平安時代の初期に国府が上田から松本市大村に移転し、信濃守護所が設けられます。

中世以降の保福寺街道

中世に入ると、塩田北条氏によって塩田平(上田市)に数多くの神社仏閣が建てられました(信州の鎌倉と呼ばれています)。
保福寺街道は政治・軍事上の要衝で、文亀2(1502)年に小笠原氏が保福寺に掻揚(かきあげ)城を築き、天文17(1548)年に村上氏と武田氏が、同19(1550)年には小笠原氏と武田氏が、慶長5(1600)年には真田氏と石川氏が沿線で戦火を交えています。
江戸時代には塩尻経由の中山道よりも三里ほど短いために、松本藩では寛永19(1642)年以降の参勤交代の通路としています(それ以前は、約30年間、三才山道を使用)。
浦野宿や保福寺宿の成立は、慶長19(1614)年と考えられ、朝松本城を出て保福寺宿で休み、浦野宿で泊まるのが定式でした。
庶民の通行や物資の輸送にも重要なため、道普請もたびたび行われています。
松本からは米穀類、酒、薪、紙、柿、戻り荷は塩、茶、こうぞ、絹、紬、塩、下駄、瀬戸物、海藻、魚、反物、麻などが通りました。
明治23(1890)年に長野県道(現在の国道143号線)が開通し、さらに、明治35(1902)年に篠ノ井線が開通するとこの道は荒廃していきました。
ちなみに、青木峠の下を通る明通(あけどおし)トンネルは、国道トンネルとしては日本最古だそうです。
昭和39(1964)年に保福寺林道、さらには舗装された県道も開通しました。
なお、上田—青木村間に、大正10(1921)年に電気軌道が敷設され、昭和13(1938)年に廃止になっています。

深掘りスポット

大法寺(天台宗 一乗山 観音院)

小県郡青木村にある。
東山道浦野駅の駅寺として、藤原鎌足の子、定恵上人が大宝年間(701~704)に開き、初めは大宝寺と号した。
その後、大同元(801)年に坂上田村麻呂の祈願により、初代天台座主義真法印が再興したと伝わる。
寺伝によれば、永正2年(1505)三重塔と観音堂を残して焼失し、同8年戸隠山勧修院の月如法印が再建され、以後同院の末寺となったことが記されている。
明治維新以降は再び延暦寺末となっている。
正慶2年(1333)建立の国宝三重塔、戦国時代建立の本堂、重文木造十一面観音立像、木造普賢菩薩立像(両像とも藤原時代末期の作)などがある。
三重塔は大阪四天王寺の大工四郎兵衛ほか御番匠七人の手で建立され、その優美さから旅人が振り返り、「見返りの塔」と呼ばれる。

<アクセス>
上田駅より千曲バス青木線にて当郷バス停下車10分。
上信越自動車道上田菅平インターより国道143号線を道の駅あおき方面へ。
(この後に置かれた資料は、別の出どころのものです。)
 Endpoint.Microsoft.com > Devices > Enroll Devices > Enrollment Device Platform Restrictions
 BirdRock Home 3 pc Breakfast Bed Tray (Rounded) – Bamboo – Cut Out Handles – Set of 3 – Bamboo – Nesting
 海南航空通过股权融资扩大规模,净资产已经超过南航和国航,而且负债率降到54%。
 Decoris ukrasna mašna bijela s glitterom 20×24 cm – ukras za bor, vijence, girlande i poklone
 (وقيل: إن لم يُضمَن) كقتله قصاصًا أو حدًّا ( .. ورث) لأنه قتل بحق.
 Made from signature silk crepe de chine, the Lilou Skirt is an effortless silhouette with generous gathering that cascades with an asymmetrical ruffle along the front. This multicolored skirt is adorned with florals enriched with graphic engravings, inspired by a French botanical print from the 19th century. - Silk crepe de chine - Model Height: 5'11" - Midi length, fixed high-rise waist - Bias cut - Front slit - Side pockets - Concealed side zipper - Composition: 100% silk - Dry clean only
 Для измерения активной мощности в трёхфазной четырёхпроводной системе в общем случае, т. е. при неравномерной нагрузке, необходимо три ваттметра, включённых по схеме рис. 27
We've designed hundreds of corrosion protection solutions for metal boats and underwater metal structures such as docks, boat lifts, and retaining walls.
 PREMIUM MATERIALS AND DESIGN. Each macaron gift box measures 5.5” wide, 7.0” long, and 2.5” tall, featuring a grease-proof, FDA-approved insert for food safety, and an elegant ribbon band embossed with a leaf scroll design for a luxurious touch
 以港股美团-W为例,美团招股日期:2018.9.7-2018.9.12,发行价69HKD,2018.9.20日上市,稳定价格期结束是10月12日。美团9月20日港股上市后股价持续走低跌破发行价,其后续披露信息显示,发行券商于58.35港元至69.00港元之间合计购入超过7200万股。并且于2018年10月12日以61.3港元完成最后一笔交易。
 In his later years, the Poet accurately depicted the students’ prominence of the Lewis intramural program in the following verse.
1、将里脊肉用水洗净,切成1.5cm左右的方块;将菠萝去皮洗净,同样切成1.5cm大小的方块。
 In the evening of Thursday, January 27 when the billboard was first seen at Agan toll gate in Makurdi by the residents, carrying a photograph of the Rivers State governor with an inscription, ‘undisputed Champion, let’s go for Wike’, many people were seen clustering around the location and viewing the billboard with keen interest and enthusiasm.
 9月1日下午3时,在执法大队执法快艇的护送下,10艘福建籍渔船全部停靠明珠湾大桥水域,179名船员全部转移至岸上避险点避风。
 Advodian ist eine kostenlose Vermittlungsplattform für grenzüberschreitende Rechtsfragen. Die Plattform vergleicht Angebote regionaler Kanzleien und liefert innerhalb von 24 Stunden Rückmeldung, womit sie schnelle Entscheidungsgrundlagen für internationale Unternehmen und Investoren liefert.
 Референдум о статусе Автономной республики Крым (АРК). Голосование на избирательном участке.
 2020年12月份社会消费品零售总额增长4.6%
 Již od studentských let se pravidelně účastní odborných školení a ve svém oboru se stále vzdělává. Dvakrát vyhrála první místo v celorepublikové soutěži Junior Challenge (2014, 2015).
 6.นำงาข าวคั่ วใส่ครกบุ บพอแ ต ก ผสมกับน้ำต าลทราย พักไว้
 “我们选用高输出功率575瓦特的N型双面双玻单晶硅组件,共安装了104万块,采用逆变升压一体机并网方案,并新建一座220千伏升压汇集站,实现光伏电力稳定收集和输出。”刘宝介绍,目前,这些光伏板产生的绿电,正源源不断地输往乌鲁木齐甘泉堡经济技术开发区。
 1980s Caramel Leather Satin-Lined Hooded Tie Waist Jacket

川西消防署の先を右折、直進。

浦野駅(うらののうまや)跡

8世紀の初め東北地方開発のために開設された東山道の駅で、信濃国府に隣接しており、特に道中の難所、保福寺峠をもち重大任務を果たした。
常備駅馬15匹の延喜式所載の駅跡。昭和50年の発掘調査により、多数の遺構と遺物が発見されて、東山道浦野駅跡と推定された。

恋渡(こえど)神社

入奈良本の氏神であり保福寺峠の守護神を祀る。
創建年代は不明。農耕の神、養蚕の神、火防の神として知られる。

保福寺峠にある万葉歌碑と「日本アルプス絶賛の地」石碑

昭和58年3月に青木村と四賀村が資金を出し合って建立。表面は西本願寺本の原本から採った万葉仮名で刻まれている。
信濃路は 今の墾道(はりみち)刈株(かりばね)に 足踏ましむな 履著(くつは)けわが夫(せ)
万葉集のこの歌は、この峠路を詠んだものという。
明治24年(1891)7月、ウエストン卿が信越線上田駅から人力車夫2人を雇い、午後6時にこの峠に立ち飛騨山脈を眺め感動し、後に日本アルプスを世界に紹介したため、「日本アルプス絶賛の地」の石碑が立つ。このあと、徳本峠を越えて上高地へ入った。

一遍水

鎌倉時代に一遍上人が念仏遊行の際に休息し水を飲まれた場所と伝わる。
江戸時代末から明治までは商人茶屋が営まれ、建物は大正末期まで残っていたという。
その下は、昭和34年の台風災害で崩れ、堰堤を入れたので通行不能となった。

保福寺

もと真言宗、のち臨済宗、今曹洞宗。鎌倉時代の創建。
大きなわらじがかかった仁王門は宝暦8年(1759)建立で寺では最も古く、高さ250cmの仁王像一対を安置する。
右方の上り坂には、道祖神・庚申塔・馬頭観音・二十三夜塔・本堂建築記念碑などが並ぶ。
明治15年の大火で他は再建。本尊の十一面千手観音は文永年間の作で、前面二対の腕は当初のものも、他は後のもの。
右の坂道上には享和元年(1801)から昭和7年までの馬頭観音や文字碑が二十七基も並ぶ。

保福寺番所跡

永正10年(1513)小笠原氏は番所を設け、小沢氏に銘じて番をさせたという。
建物は明治初年焼失し、石垣のみ残る。
昭和12年に番所役人末裔の小沢榊氏が建てた浅井冽書の「保福寺駅東口旧御番所跡」の碑がある。

ミニ知識

ウォルター・ウェストンと保福寺峠

英国宣教師ウォルター・ウェストンは明治24(1891)年に保福寺峠を越えている。
明治21(1888)年、新潟県の直江津駅から群馬県の高崎駅に鉄道(新幹線が走る前の信越本線)が開通し、ウェストンは上田駅で下車し、人力車で松本に向かっている。
篠ノ井線もまだ開通しておらず、松本にはこれが最短コースだった。
ウォルター・ウェストン著 岡村精一訳『日本アルプス 登山と探検』(平凡社ライブラリー)には次のように書かれている。
「造られてまもない立派な道路なので、屈強な二人の車夫は浦野までなんの苦もなくずんずん走れた」
明治23(1890)年に長野県道(現在の国道143号線)が開通し、上田から浦野(青木村)まではほぼ直線道路だった。
しかし保福寺街道はそうはいかなかった。
「浦野からの道路の表面は年月を経て起伏ができたり、雨が降るたびに造られる小さな激しい流れで傷められたりして、不快なほど凸凹になっていた」
ウェストンは人力車を下り、険しくほとんど木のない丘陵を6km登って行く。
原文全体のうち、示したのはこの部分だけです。